2. context: This was a list of 2 elements. The first element being the first sentence in the conversation and the second element being the third/final statement in the conversation. This final statement is the one that is classified as sarcastic or not.
3.  response: Contains the second statement, the response to the initial comment, in the conversation.
The total number of entries in this data is 9,400. Even though the dataset is small, we’ll soon see how this yields a better output.

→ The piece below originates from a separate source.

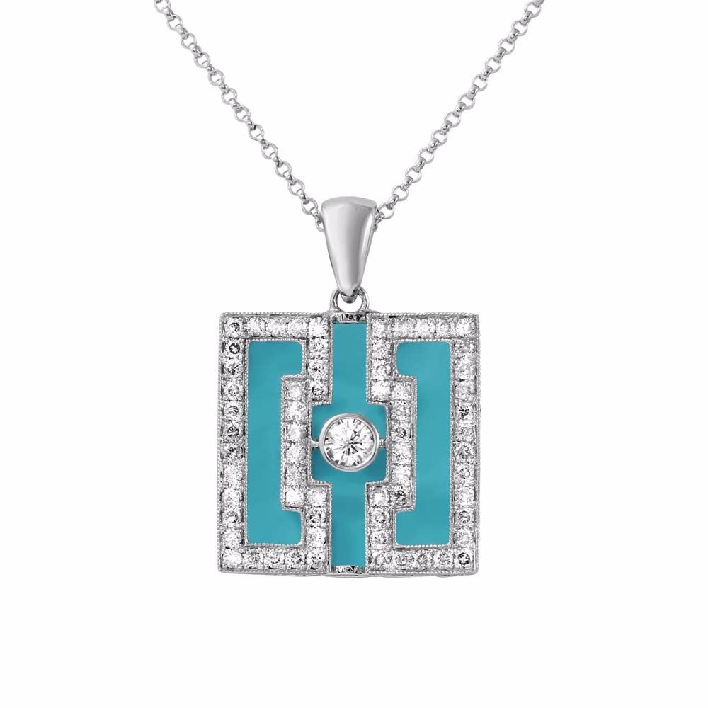 18KT White Gold 6.57ct Turquoise and Diamond Pendant with Chain
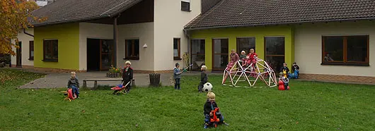 Wir bieten ein modernes Gebäude mit Außenspielanlage an.

Dataset without Conversational Context


This dataset consists of News Headlines. This dataset had 2 columns:
1.   is_sarcastic: 0 indicating not sarcastic, 1 indicating sarcastic.
2. headline: The headline that needs to be classified as sarcastic or non- sarcastic.
There were a total of 55.3k entries in this data.

Proposed Solution


There were two models made, one for each dataset, but the basic architecture more or less remained the same.

The Architecture

1. Embedding: Accepts comments and encodes them into a vector of size e, outputs matrix of size 100x32.
2. Convolution: The data now undergoes 1-dimensional convolution.  This layer establishes 14-word combinations.
3.  Max Pooling: This layer is used to reduce overfitting and add additional layers to the network.
4.  Convolution: This layer groups those 14-word combinations into groups of 7. Basically, this creates a group of phrases, each 14 word long.
5.   Bidirectional LSTM: Used to train the model in chronological and reverse order.
6.  Output, Loss Functions and Hyperparameters: The output layer consists of a single sigmoid neuron trained with the loss function binary_crossentropy. For the model trained on conversational context (Model1), the activation function used was LeakyReLU to avoid vanishing gradient, while the other model (Model2) used ReLU. Both these models were trained using the Adam Optimizer, with a learning rate of 0.0005 applied on Model1.

Result

Since the main goal of this project was to understand the importance of context, accuracies weren’t compared between these models. A couple of custom input were entered to check the output. It was found that Model1 could easily understand the difference between a sarcastic and a non-sarcastic comment, while Model2 couldn’t. Also, Model2 could only understand a sarcastic comment if it was in the form of a news headline. Any other normal sarcastic statements went totally unidentified.

Conclusion

It can be concluded, that even though the non-conversational dataset was larger than the conversational, the latter could provide a better output only due to the presence of information regarding the scenario the sarcastic statement was used in.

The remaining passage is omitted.